“Radical Acceptance”

Rev. Leslie Takahashi Morris

December 2, 2007 

As we enter into the holiday season, I think of bread.  Sometime in the next month or so, I am bound to take an afternoon and bake bread.  And when I do, I will pull off my cookbook shelf an ingredient-spattered version of the Tassajara Bread Book, written by Ed Brown, the Zen teacher and founder of the famous Greens natural foods restaurant in San Francisco.   My relationship with this cooking guru dates back about 20 years to when I first got interested in bread-baking, religion and meditation.  So I was interested to read that when he was first a cook at the Tassajara retreat center, he would get very angry with himself because he just could NOT get his biscuits to come out right.  And then, he writes, he had a revelation:

Finally, one day came a shifting-into-place, an awakening:  Not right compared to what?  Oh my word, I had been trying to make canned Pillsbury Biscuits!  Then came the exquisite moment of actually tasting my biscuits without comparing them to some (previously hidden) standard.  They were wheaty, flaky, buttery, “sunny, earthy, real” (as Rilke’s sonnet proclaims). They were incomparably alive, present, vibrant—in fact they were much more satisfactory than any memory.

Ed Brown’s inability to produce the kind of biscuits that come premade in a cardboard tube illustrates the small and relatively harmless ways we can hurt ourselves.  His example is pretty innocuous—many of us hold ourselves to unreasonable standards in much more harmful ways. Since the winter holidays have become a magnet for Martha Stewart organizational perfection, and since this is also a time when often we touch troublesome family dynamics, either through visiting or through the memories holidays stir, this is a good time to think about the ways we lack compassion towards ourselves.
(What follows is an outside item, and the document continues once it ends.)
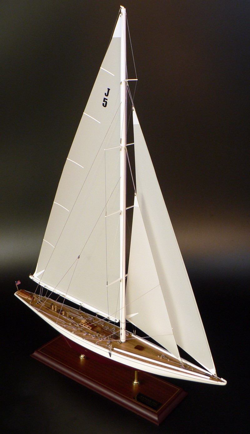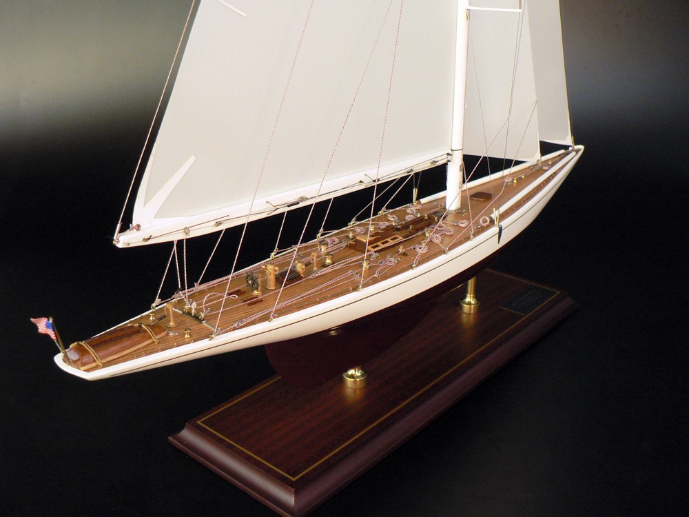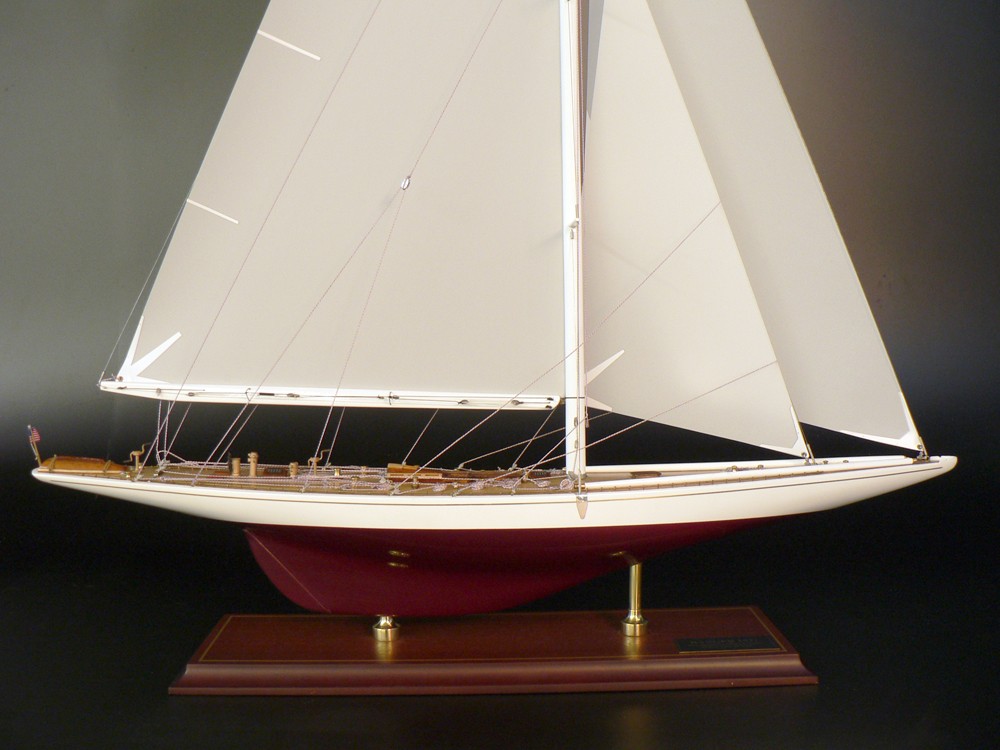 Model comes with or without dacron sails and  is ready to display. It is mounted with brass pedestals on a high quality hardwood display base with a gold trim.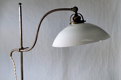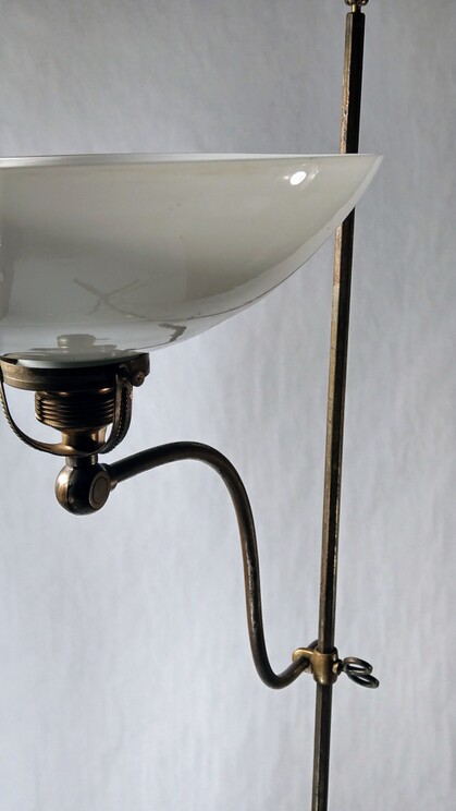 feingliedrige stehleuchte ca 100jährig, geschmiedeter und gebogener stahl, vermutlich belmag, stufenlos verstellbar in der höhe, der opalglasschirm um 180 grad gegen oben schwenkbar - auf wunsch auch mit grünem glas oder weiss-konisch

Our condemnation of ourselves can be much more destructive than Brown’s was.  Perhaps you live with a message from your earliest days that you are always falling short of some required perfection.  Or maybe you have some act or lack of action from your past which you feel represents an unforgiveable offense.  Tara Brach, who is both a Buddhist teacher and counselor, believes that we all have parts of our lives which we condemn or push away.  These limit, she says, both our ability to be fully present in our own lives and our ability to be fully present to the other lives around us.  We develop all kinds of strategies to avoid the pain of our own inadequacy.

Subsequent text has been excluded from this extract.